The micro-electromechanical structure of the present invention is preferably sealed in a low pressure cavity to permit operation and protect the structure 10. The sealing layers are typically thin capping layers which may be formed from oxides and nitride materials deposited using high temperature processes such as chemical vapour deposition (CVD) or using metal layers deposited by sputtering, evaporation of CVD.

Claims

1. A method of manufacturing a non-volatile memory bitcell, the method comprising the steps of:

depositing a first layer of conductive material on a substrate;

patterning and etching the first layer of conductive material to form three non-linearly disposed electrodes;

depositing a first layer of sacrificial material on the electrodes and the substrate;

providing an elongate cantilever structure on the first layer of sacrificial material such that the cantilever structure and at least a portion of each electrode overlap each other;

depositing a second layer of sacrificial material on the cantilever structure and the first layer of sacrificial material;

providing a capping layer on the second layer of sacrificial material and providing holes in the capping layer such that at least a portion of the second layer of sacrificial material is exposed;

removing the first and second layers of sacrificial material through the holes provided in the capping layer, thereby defining a cavity in which the cantilever structure is suspended.

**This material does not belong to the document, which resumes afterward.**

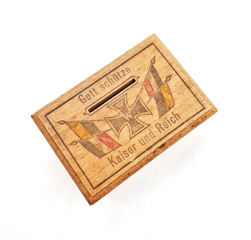 Le couvercle est orné d'une croix de fer et des drapeaux de l'alliance.
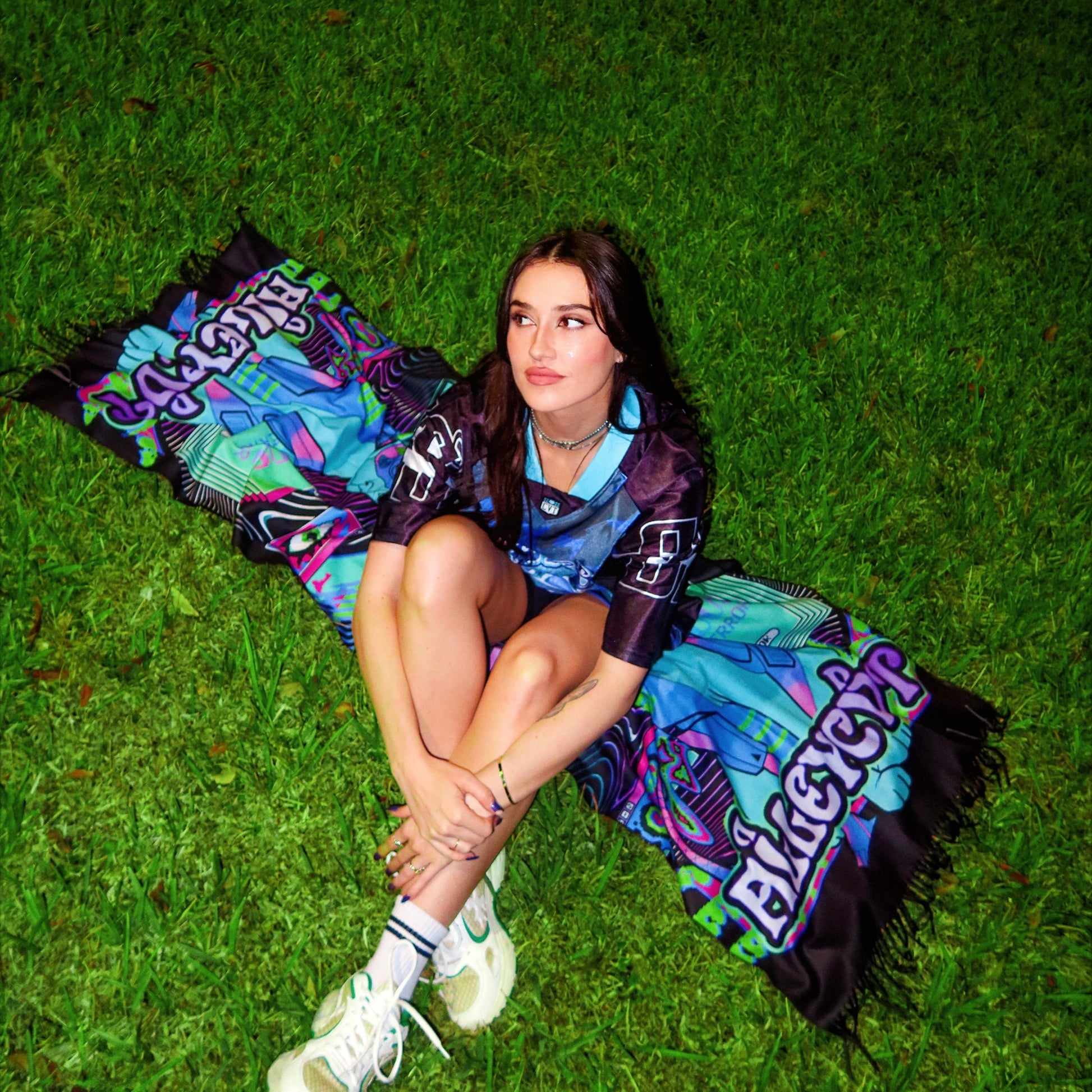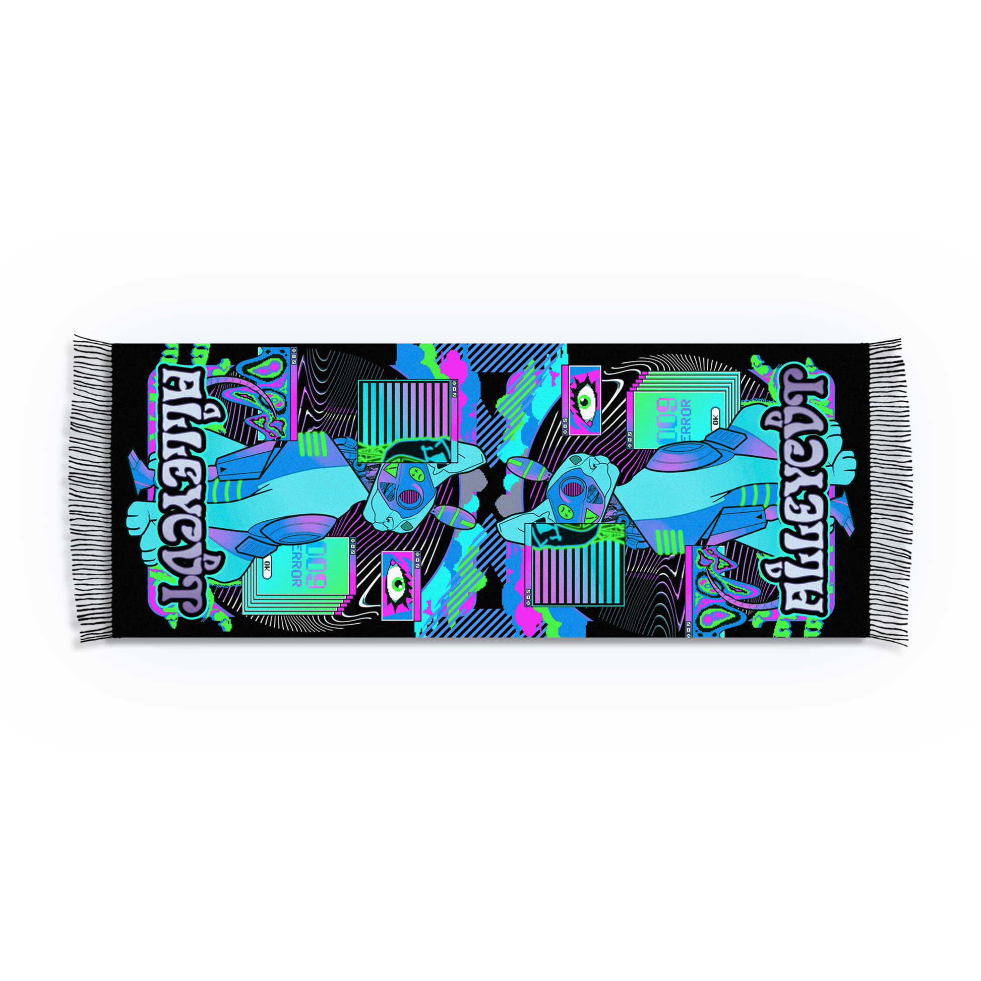 ALLEYCVT BONK THROWBACK pashmina. Super soft dye sub construction and design. Measures approximately 70cm x 180cm.

2. The method of claim 1, wherein the step of providing the elongate cantilever structure further comprises the steps of:

depositing a second layer of conductive material on the first layer of sacrificial material;

patterning and etching the layer of conductive material such that it forms an elongate cantilever structure.

3. The method of claim 2, wherein the step of patterning and etching the layer of conductive material further comprises the step of:

patterning and etching the layer of conductive material into a U-shaped cantilever structure.

4. (canceled)

5. (canceled)

6. (canceled)

7. (canceled)

8. A nonvolatile memory bitcell comprising:

a substrate;

a first, second and third electrode, the electronics being co-planarly and non-linearly disposed on the substrate;

a cantilever structure disposed such that the cantilever structure and at least a portion of each electrode overlap each other, the non-volatile memory bitcell being arranged such that, in use, the application of a voltage between the first and second electrode pulls at least a portion of the cantilever structure toward the second electrode and the application of a voltage between the first and the third electrode pushed the at least one portion of the cantilever structure away from the second electrode.

9. The non-volatile memory bitcell of claim 8, wherein the cantilever structure is U-shaped.

10. (canceled)

11. (canceled)

12. The method of claim 1, wherein the electrodes are made from a group of materials selected from nickel, copper, chromium, cobalt, zinc, iron, titanium, aluminum, tantalum, ruthenium, platinum, and cobalt.

13. The method of claim 1, wherein the sacrificial layer is made from silicon-based materials.

14. The method of claim 1, wherein the sacrificial layer is made from carbon-based materials.

15. The method of claim 1, wherein the layer defining the cantilever structure comprises a group of materials selected from nickel, copper, chromium, cobalt, zinc, iron, titanium, aluminum, tantalum, ruthenium, and platinum.

16. The method of claim 1, wherein the layers of sacrificial material are removed through etching.